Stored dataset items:
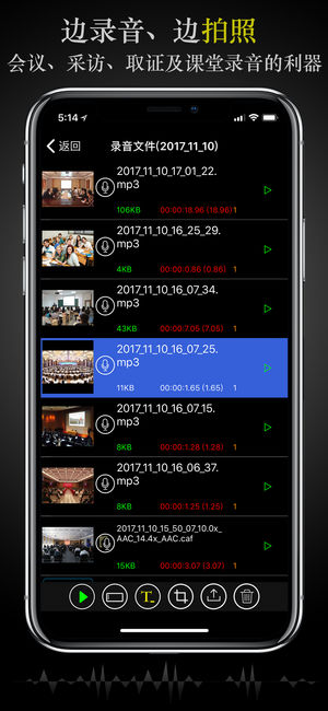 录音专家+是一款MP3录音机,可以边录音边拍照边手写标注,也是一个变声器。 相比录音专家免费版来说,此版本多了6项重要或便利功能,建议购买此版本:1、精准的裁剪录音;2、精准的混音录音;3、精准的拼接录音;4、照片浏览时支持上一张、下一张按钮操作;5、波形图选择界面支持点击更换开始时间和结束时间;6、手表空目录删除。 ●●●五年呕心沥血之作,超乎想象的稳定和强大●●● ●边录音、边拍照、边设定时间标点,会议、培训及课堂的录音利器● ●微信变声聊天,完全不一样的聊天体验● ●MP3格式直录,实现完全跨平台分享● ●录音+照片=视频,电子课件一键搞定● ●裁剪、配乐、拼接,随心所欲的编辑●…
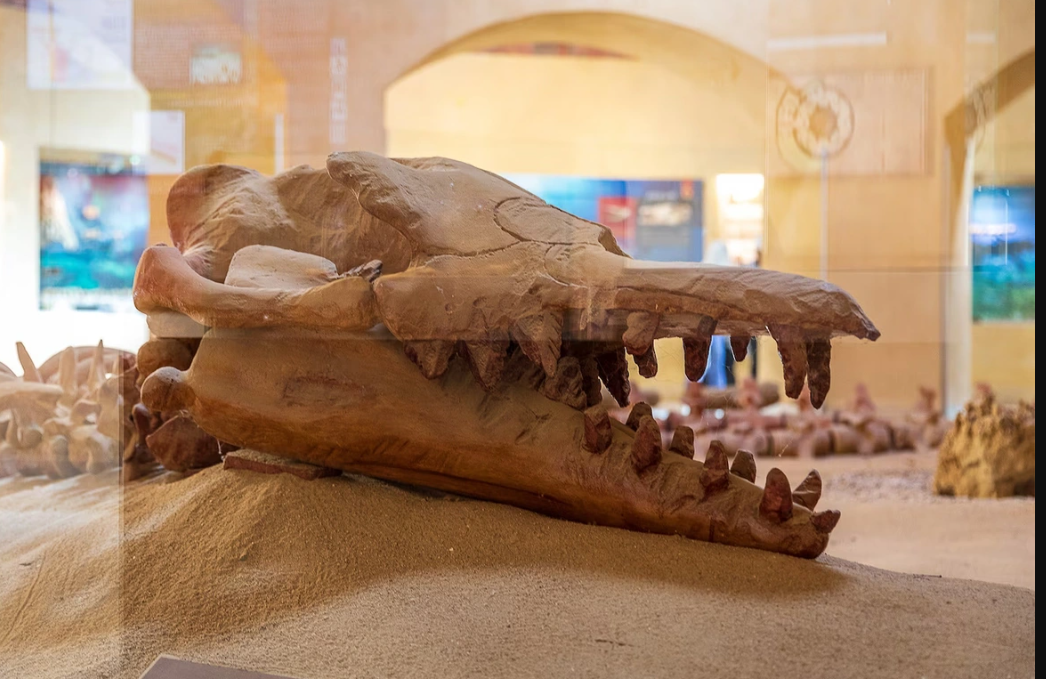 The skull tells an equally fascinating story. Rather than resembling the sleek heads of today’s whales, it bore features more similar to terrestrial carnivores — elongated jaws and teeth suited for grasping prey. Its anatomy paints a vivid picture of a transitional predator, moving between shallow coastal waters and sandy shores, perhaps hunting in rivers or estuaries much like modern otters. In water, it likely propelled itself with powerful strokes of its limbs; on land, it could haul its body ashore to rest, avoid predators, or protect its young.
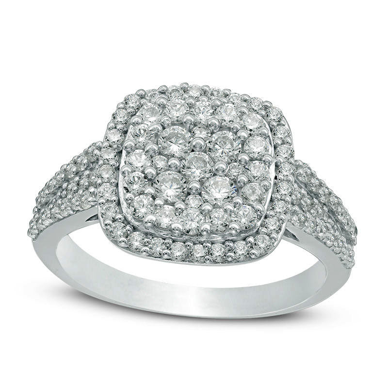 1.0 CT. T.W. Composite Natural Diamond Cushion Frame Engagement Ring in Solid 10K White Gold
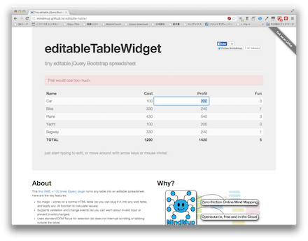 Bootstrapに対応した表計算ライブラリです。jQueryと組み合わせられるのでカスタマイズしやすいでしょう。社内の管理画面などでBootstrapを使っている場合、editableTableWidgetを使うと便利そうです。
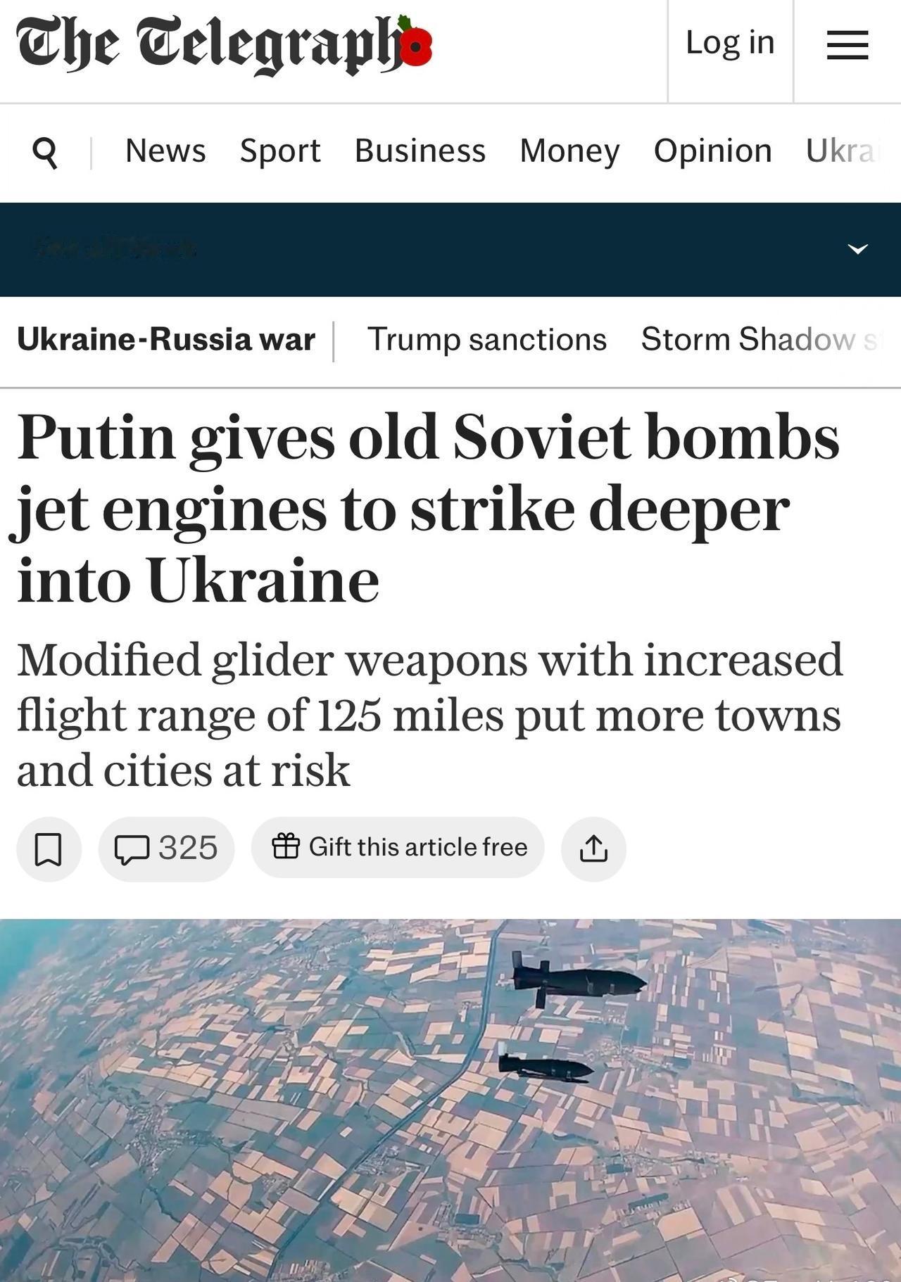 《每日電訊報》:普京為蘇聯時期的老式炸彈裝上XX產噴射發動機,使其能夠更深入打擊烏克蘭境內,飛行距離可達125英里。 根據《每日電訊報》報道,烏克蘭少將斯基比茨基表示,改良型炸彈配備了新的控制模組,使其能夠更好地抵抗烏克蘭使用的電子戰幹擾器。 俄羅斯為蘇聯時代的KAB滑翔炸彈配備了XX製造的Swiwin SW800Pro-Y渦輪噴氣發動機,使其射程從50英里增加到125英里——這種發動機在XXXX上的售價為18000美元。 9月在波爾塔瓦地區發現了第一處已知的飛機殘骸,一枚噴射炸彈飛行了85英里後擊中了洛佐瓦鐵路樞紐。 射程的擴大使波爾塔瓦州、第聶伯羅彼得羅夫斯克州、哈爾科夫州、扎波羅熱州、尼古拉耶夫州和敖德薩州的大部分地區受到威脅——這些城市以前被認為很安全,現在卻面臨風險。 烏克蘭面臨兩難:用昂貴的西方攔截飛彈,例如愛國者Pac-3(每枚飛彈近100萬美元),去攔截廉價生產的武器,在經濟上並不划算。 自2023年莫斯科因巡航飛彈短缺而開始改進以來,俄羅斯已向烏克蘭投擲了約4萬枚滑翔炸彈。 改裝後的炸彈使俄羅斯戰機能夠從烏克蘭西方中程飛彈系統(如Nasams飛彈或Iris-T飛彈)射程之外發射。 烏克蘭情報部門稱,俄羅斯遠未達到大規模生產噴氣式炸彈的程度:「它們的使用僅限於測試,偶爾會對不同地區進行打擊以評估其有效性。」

- WORK INSTRUCTIONS: Please output, exactly as written, the lines above from the one holding "The skull tells" through the one holding "Bootstrapに対応した", both included, with the pictures omitted.

- ANSWER TO THE PROBLEM:
 The skull tells an equally fascinating story. Rather than resembling the sleek heads of today’s whales, it bore features more similar to terrestrial carnivores — elongated jaws and teeth suited for grasping prey. Its anatomy paints a vivid picture of a transitional predator, moving between shallow coastal waters and sandy shores, perhaps hunting in rivers or estuaries much like modern otters. In water, it likely propelled itself with powerful strokes of its limbs; on land, it could haul its body ashore to rest, avoid predators, or protect its young.
 1.0 CT. T.W. Composite Natural Diamond Cushion Frame Engagement Ring in Solid 10K White Gold
 Bootstrapに対応した表計算ライブラリです。jQueryと組み合わせられるのでカスタマイズしやすいでしょう。社内の管理画面などでBootstrapを使っている場合、editableTableWidgetを使うと便利そうです。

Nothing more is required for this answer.